8 thoughts on “Mecca of Plastic Surgery

  1. Self-doubt and physical imperfections have plagued humans for a rather long time and I would venture to guess they will continue to do so for many many years.

    Just the topic of big noses has inspired us in many ways – none very good.

    Rostand’s play, “Cyrano de Bergerac” centers on a brilliant man who could have had any woman he wanted if not for his large nose and his insecurity with it:

    Oscar Wilde wrote the following:
    “There is nothing so difficult to marry as a large nose.”

    A picture from the nose job scene in Spaceballs:

    And a clip from Seinfeld where Kramer’s candor insults everybody but the person with the large nose:

    What is interesting are the differences cultures place on certain attributes or physical traits that people in other cultures just plain don’t even notice. You can see exactly how it works the way Katie broke down common surgeries by ethnicity.

  2. It’s interesting that people are traveling to Lebanon to receive plastic surgery? It the reason because it is cheaper? You would think that the money it takes to travel to Lebanon would not be worth the cost of a cheaper surgery if that is the case? It also seems a bit scary to travel to a foreign country and get a surgery that’s importance is so imperative. I know I honestly would not travel to another country where regulations and things might be different and not up to the standards of what I would want before receiving a surgery.

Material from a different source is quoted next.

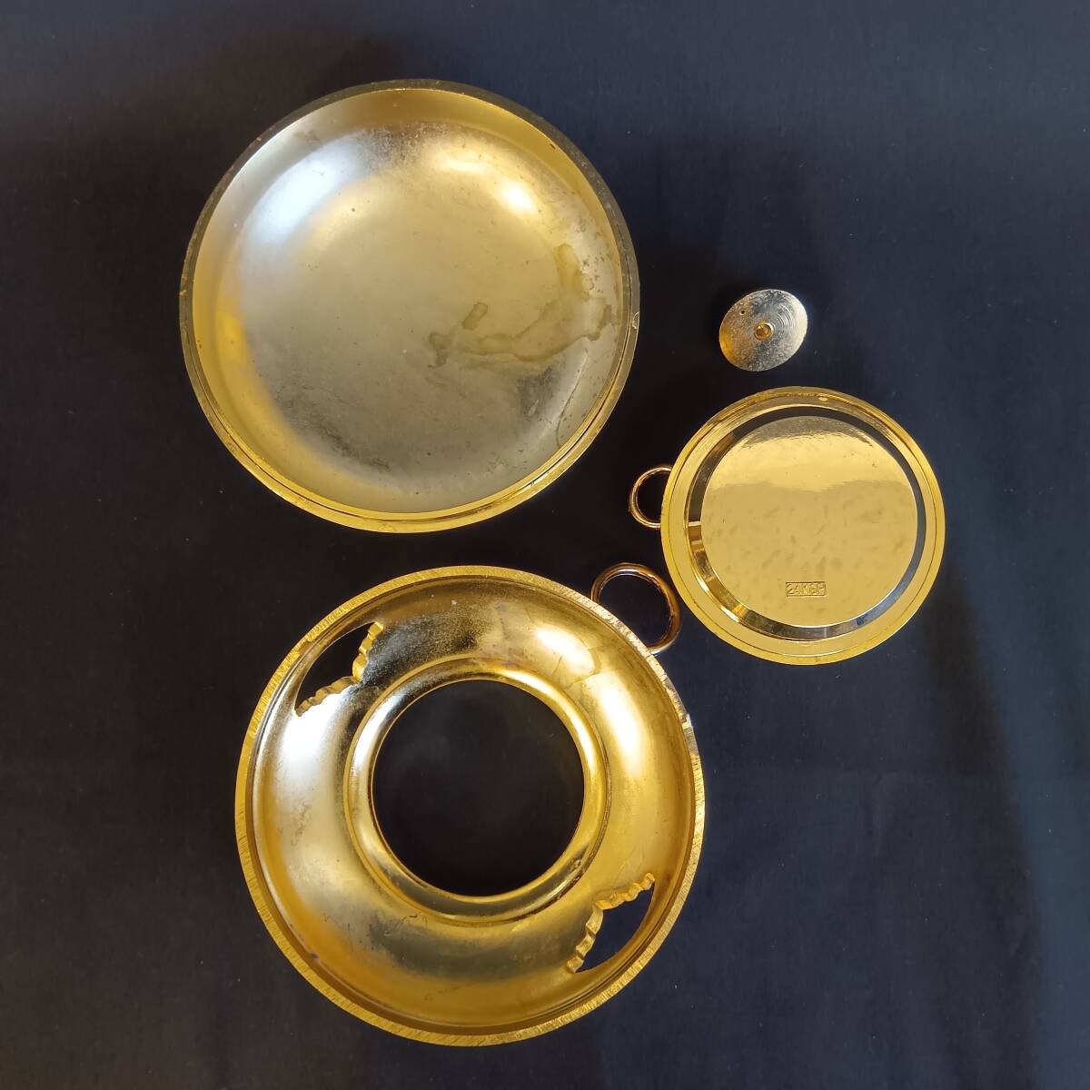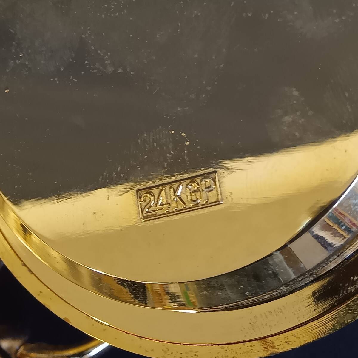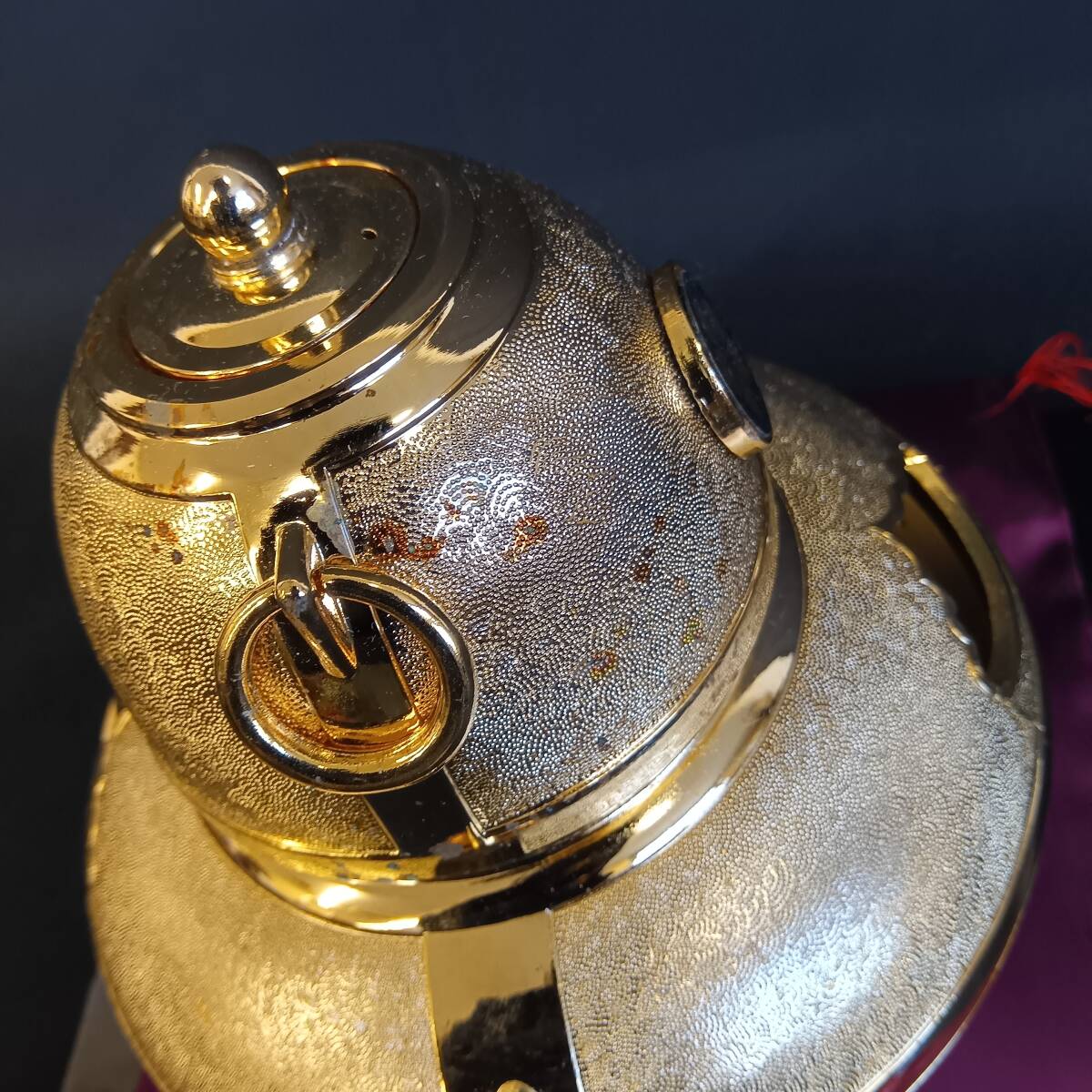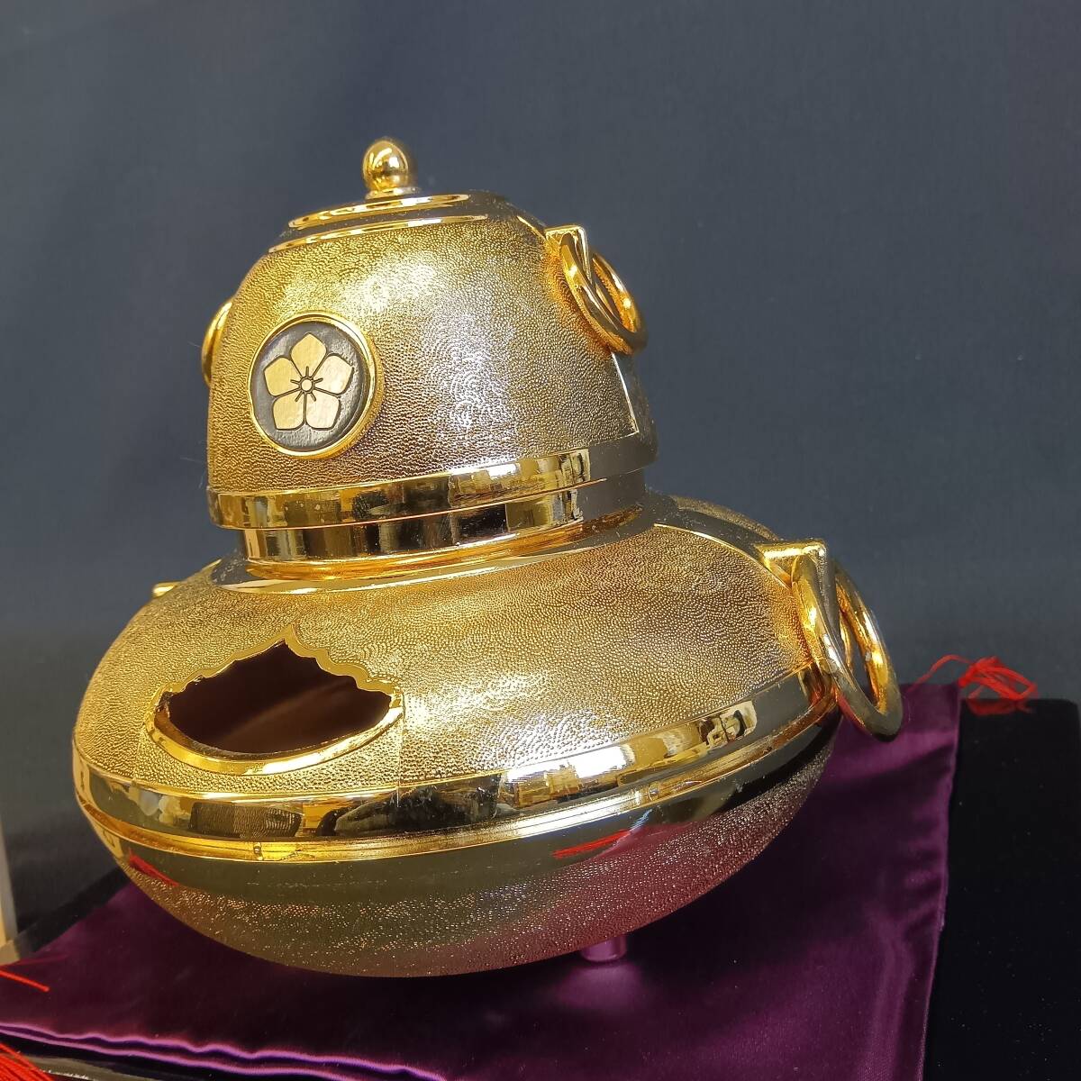本商品は、縁起物として人気の高い「開運 黄金茶釜」の置物です。底部には「24KGP」の刻印があり、24金で金メッキ(ゴールドプレート)が施された金属工芸品となります。文福茶釜をモチーフにした丸みを帯びた形状と、全体に施された金色の粒状の加工(梨地のような質感)が特徴的で、開運招福の願いが込められています。また、画像から蓋付きの茶釜型香炉としても使用できるタイプと推測されます。縁起の良い梅(または桜)のような家紋もデザインされており、床の間や玄関、リビングなどのインテリアとして、おめでたい雰囲気を演出します。財運・金運アップの縁起物としても大変好まれます。座布団や木札が付属しており、コレクション品としても、また、お祝い事や記念品として贈答されたものとしても価値のあるお品です。

    1. Cosmetic tourists come to Lebanon because they can avoid judgment from their friends and family. Elias Chammas, a doctor who heads the Hazmieh International Medical Centre, a plastic surgery facility just outside of Beirut, said patients come to him from abroad because they want to keep their surgeries a secret. A woman who comes from the ultra-conservative Kingdom of Saudi Arabia, for instance, could easily get plastic surgery in Lebanon and tell her friends she was on vacation, he said.

  3. Personally, I think plastic surgery can be overrated no matter which country. I think it is very extreme for people to travel so far for beauty. People these days are willing to do anything for the price of beauty. Many people travel outside of the country for surgery because of price. It amazing how even Lebanese women share similar fears about their body just like American women. Its amazing to me that no matter what culture a woman is in they still share these thoughts and images of the perfect woman.

  4. I agree with you Kelcie, I find it crazy that women all over the world have some of the same insecurities. In a weird way I find this kind of positive in that we are always told that Middle Eastern people and cultures are so vastly different from American ones when in reality they struggle with the same day to day problems that American women and men have. Interesting to think about.

  5. Does it say why women travel to Lebanon for plastic surgery? With all the plastic surgery going on these days it is hard for people to define what real beauty is. People are so concerned what people will think of them and are worried that they aren’t beautiful enough. This concept is a global problem although we often do not think of it as one. I think it is sad that girls and women grow up comparing themselves to models and actresses that often are photo shopped. This article really shows the depth of the issue, that people across the world to become “more beautiful”. it is eye opening to show that this is a struggle everywhere, even in countries where people have to be concerned about daily violence.

  6. I would like to argue that what many people deem as physical “flaws” should not cause insecurity, however one should embrace it. The reason many women from all over the world have the same insecurities regarding their bodies is because the media perpetuates this wildly skewed view of what the physical manifestation of beauty is. Beauty is nothing more than who a person is, and a person is not their body. The physical is just a matter of chance/ luck.